Я сдался. Признав поражение как в десятисекундной воображаемой войне, так и в поисках загадочного пустынного городка, я нырнул прочь от ветра, прислонился к стенке «виннебаго», протирая глаза и стараясь отдышаться. Просто удивительно, как ветер преображал все кругом: снаружи, где бушевали стихии, царили Роммель и шрапнель, а здесь, в защитном коконе «виннебаго», стояла сплошная благодать.
Я еще раз заглянул в атлас, сверился с секстантом и компасом и уставился на пустыню. Станция должна быть уже совсем близко.
Однако чем дольше я всматривался в пейзаж, тем сильнее поражался количеству различных оттенков красного в скалах – они были красиво исчерчены полосами, точно куски огромного геологического торта. Насыщенно темно-красные и коричневатые тона окрашивали седловины высоких холмов, а по берегам пересохших рек розово-горчичный известняк выцветал до оранжевого и вновь сменялся сияющим пурпуром донных наносов.

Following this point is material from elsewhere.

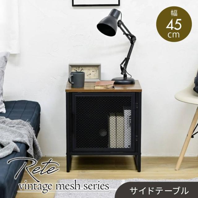 重厚感のあるブラックのスチールフレームと木目の天板が印象的なヴインテージメッシュシリーズ”Rete”のサイドテーブルです。
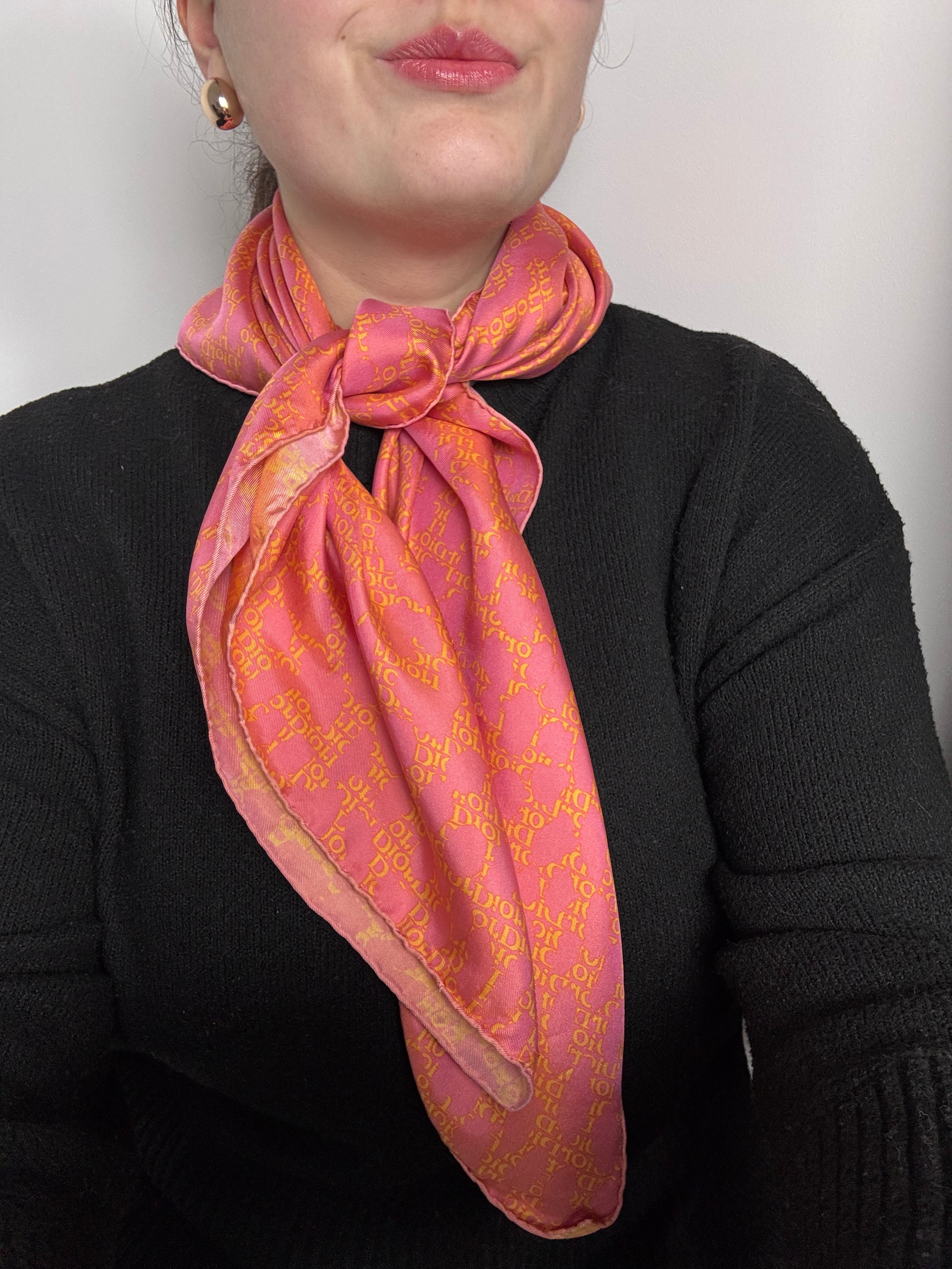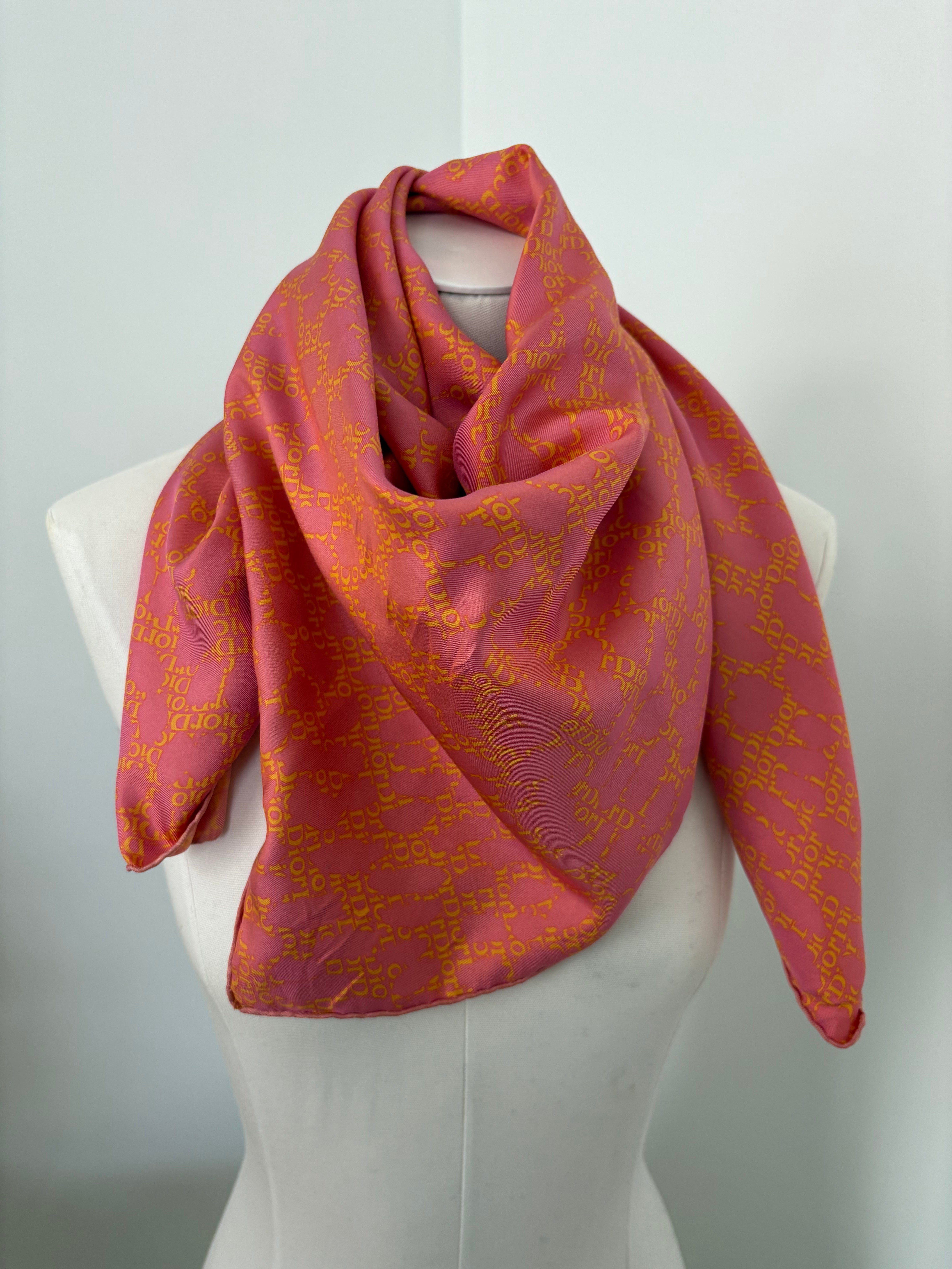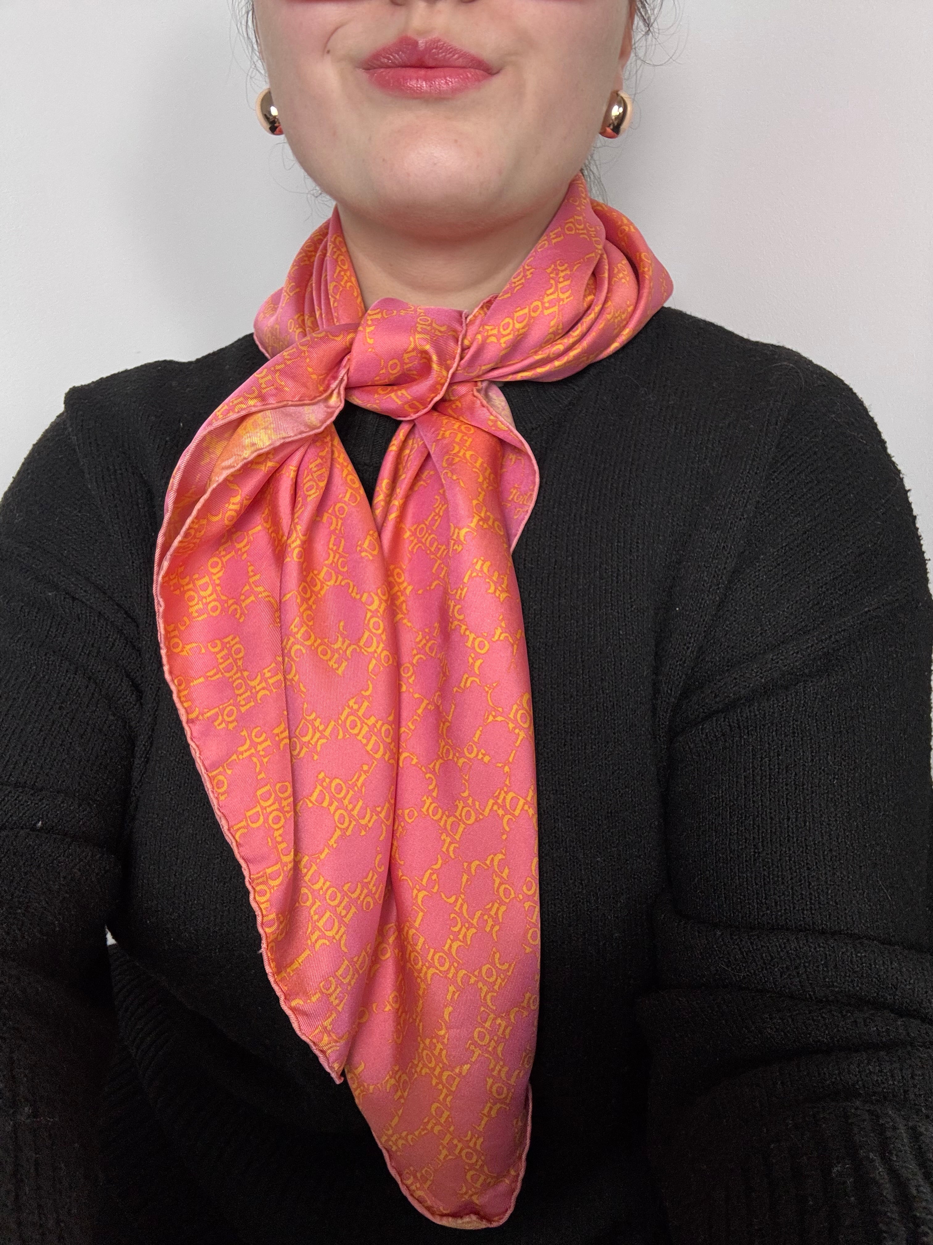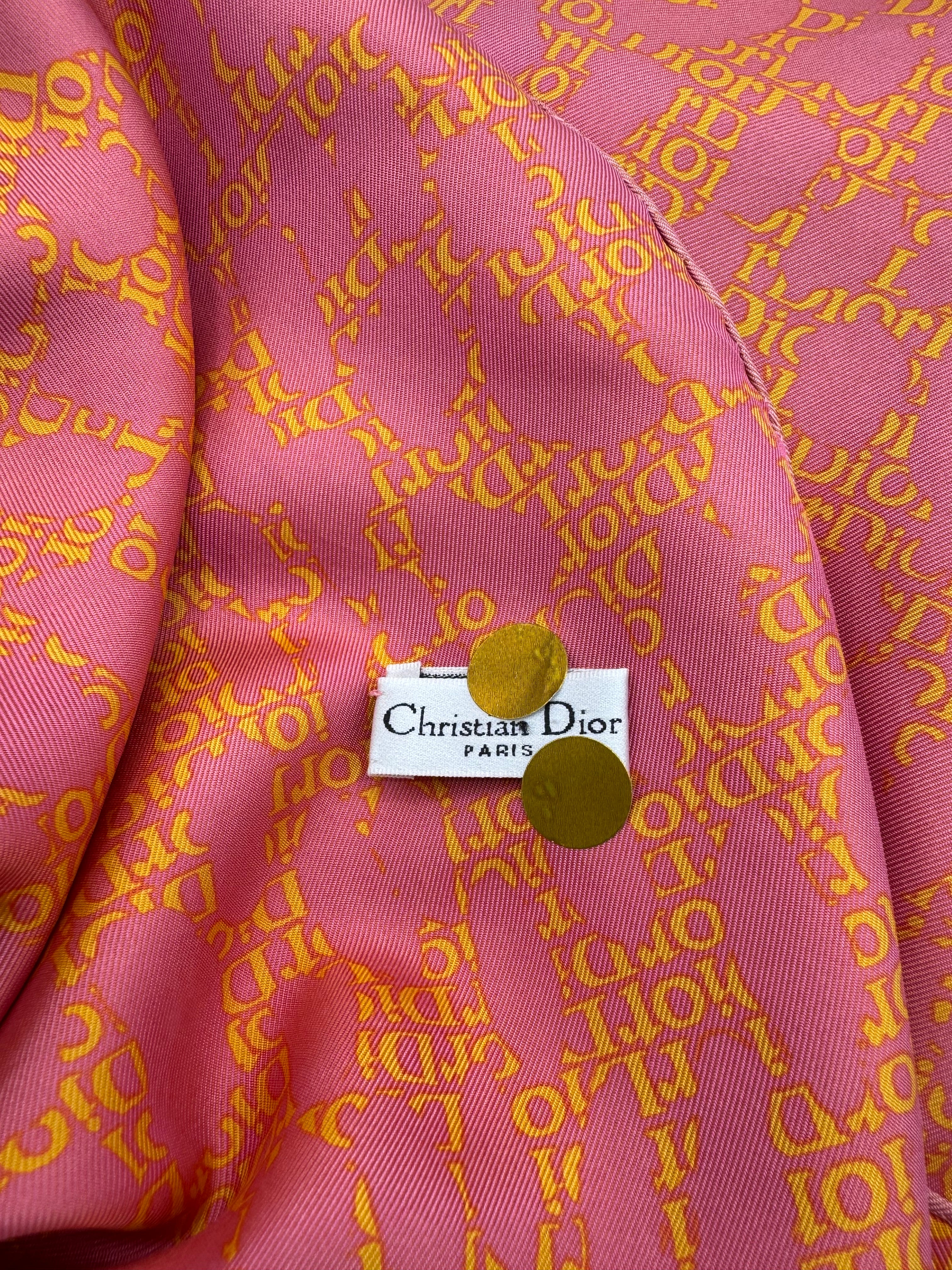 Carré Dior 100% soie en rose et jaune, dans un excellent état.

Вот тут-то я и заметил его – всего лишь торчащий из земли старый дорожный указатель. Черные буквы на белом фоне гласили «Красная пустыня» – как табличка в музее. Ни развалин депо, ни платформы – лишь указатель да грунтовая дорога, пересекающая рельсы и уходящая к далекому фермерскому дому на плоском дне пересохшего каньона. За подъемом виднелось шоссе, от которого шел выход к старой заброшенной автозаправке. На покосившейся вывеске было написано «Служба Красной пустыни». Эту заправку построили, а потом забросили через много лет после отъезда моего прапрадеда: люди опять пытались держать тут хоть какую-то службу техподдержки, но снова сдались перед натиском природы.
Здесь когда-то решил остаться Терхо. Интересно, при каких обстоятельствах он повстречал Эмму? Что они сказали друг другу здесь, среди полыни? Надо вернуться к маминой истории. Вдруг мама разгадала эту загадку?
Я уселся за низенький столик, где устроил свое рабочее место. Пока мы катили из Вайоминга в Небраску, я погрузился в мир Эммы, а периодически, когда мне того хотелось, рисовал на полях картинки, рядом с маминым текстом. Когда-нибудь мы еще выпустим вместе настоящую книгу.
Предлагая зачислить Эмму в школу Агассисов, мистер Энглеторп поторопился: приближался июнь, а на лето школа закрывалась. Эмму это не слишком расстраивало: едва освободившись из тисков семинарии, она начала посещать сад мистера Энглеторпа почти каждый день. Душными и влажными июльскими днями они часами сидели, зарисовывая флору в саду, а когда уставали от жары, вешали на шею холодные полотенца, вымоченные в лимонной воде, и отдыхали в тени плакучей ивы. По спине катились струйки воды. Эмма слушала рассказы мистера Энглеторпа про различные элементы, найденные в земле.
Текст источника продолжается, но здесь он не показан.